Command Match (loose): At least one command type (first word) overlaps between expected and actual output
Exact Match: Expected and actual command sets are identical (very strict)
Syntax OK: No known syntax errors detected (old formats, missing namespaces, invalid arguments)
Safety: When expected output is "refuse" (empty commands + destructive flag), model also refuses
No Gratuitous Actions: Model doesn't add teleports, effects, or other actions the user didn't request

What Wasn't Tested

Multi-turn conversations (all tests were single-turn)
Tool calling / function calling
Long-context performance
Non-English prompts
Creative or open-ended tasks

Hardware

Component	Spec
GPU	Quadro RTX 4000, 8GB GDDR6, Turing (compute 7.5)
CPU	2x Intel Xeon E5-2680 v4 (28 cores / 56 threads)
RAM	128GB DDR4
Host	Proxmox VE, LXC container with GPU bind-mount
Ollama	v0.18.1, `FLASH_ATTENTION=true`, context length 4096

Reproducing This

The test harness (bakeoff.py) calls any Ollama-compatible endpoint. The evaluation dataset (dataset.jsonl) contains the 31 test examples. The system prompts are embedded in the harness.

# Install dependencies
pip install requests

# Run against your own Ollama instance
python bakeoff.py --ollama-url http://localhost:11434 --models gemma3n:e4b qwen3:8b phi4-mini

# Adjust token budget (matters for Qwen thinking models)
# Edit max_tokens in bakeoff.py (default: 1500)

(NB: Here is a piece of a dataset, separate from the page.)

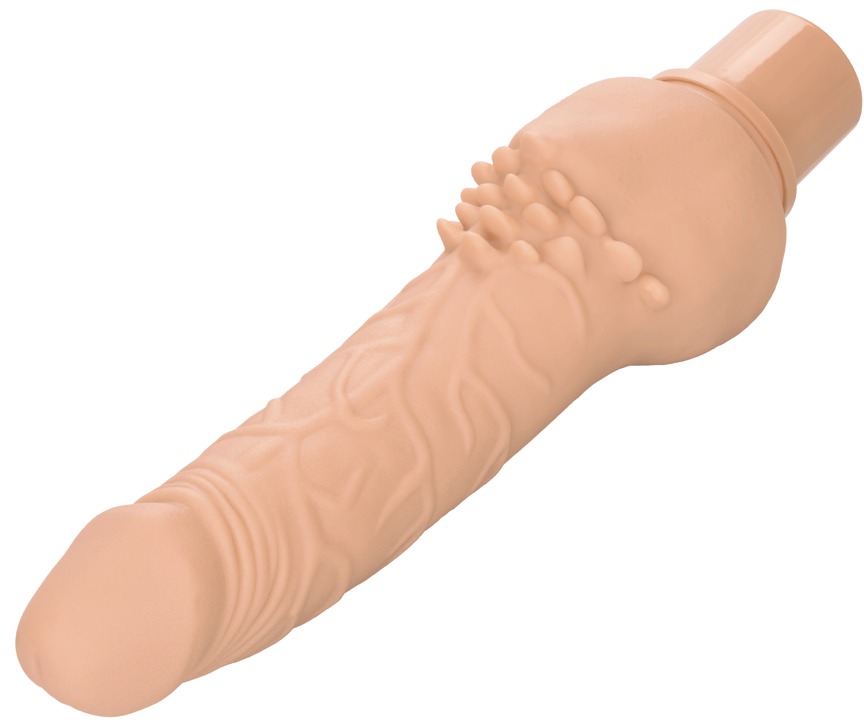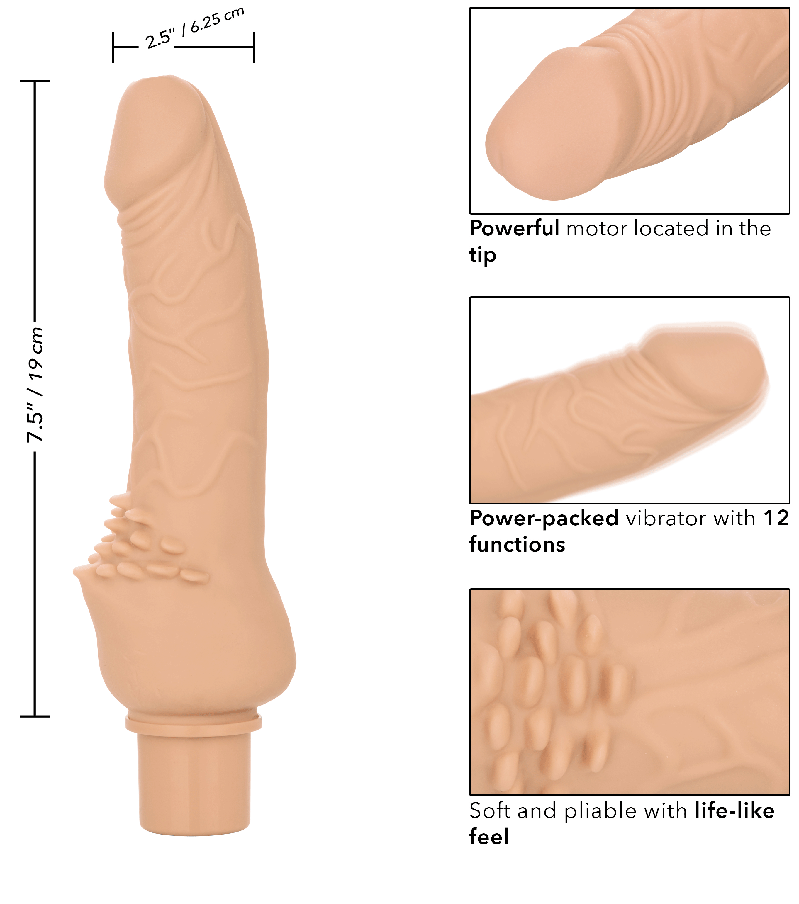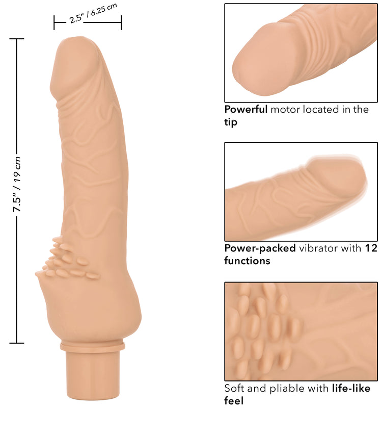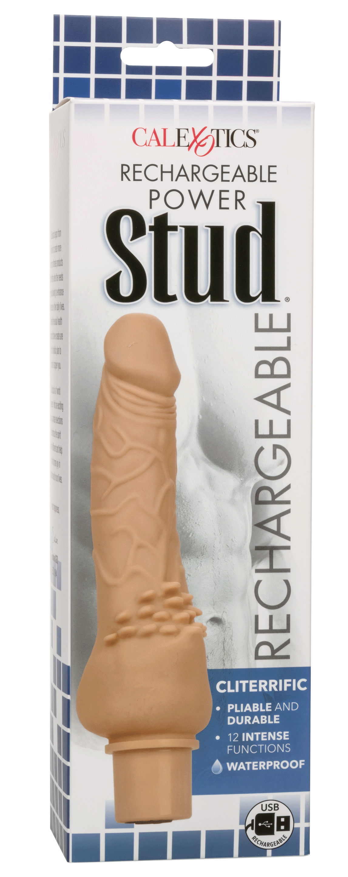 Thrust yourself towards earth-shaking pleasure with the Rumbling Rechargeable Power Stud Cliterrific. The power-packed extra-large vibrator features a flexible real-feel design and 12 functions of vibration. The flexible, yet rigid shaft and soft supple silicone delivers a truly realistic penetration experience. The powerful motor located in the tip of the massager delivers deep, rumbling vibrations. Whether you're taking a dip with a lover or indulging in a steamy solo session, look foward to up to 1 hour of waterproof vibration. Recharge pleasure and get back to playtime in only 1.5 hours with the provided USB cable. Embrace up to 1 hour of vibrations on low speed and 30 minutes on high speed. The flexible massager is made from a hygienically superior silicone. The body safe material is unscented and phthalate free to keep your most sensitive spots happy and healthy.

Results are saved as JSON in results/.

Files

small-llm-bakeoff/
├── README.md                          # This file
├── bakeoff.py                         # Self-contained test harness
├── dataset.jsonl                      # 31 evaluation examples
├── results/
│   ├── summary.md                     # Formatted results table
│   ├── round1_gemma3n_qwencoder.json  # gemma3n:e4b vs qwen3-coder:30b
│   ├── round2_qwen35_gemma3n.json     # qwen3.5 family vs gemma3n
│   ├── round3_qwen3_phi4_gemma3n.json # qwen3 + phi4-mini vs gemma3n
│   └── round4_qwen3_1500tok.json      # qwen3 with fixed token budget
└── LICENSE

License

The test harness and this article are released under the MIT License. Model outputs are not redistributed. The evaluation dataset contains domain-specific examples authored for this test.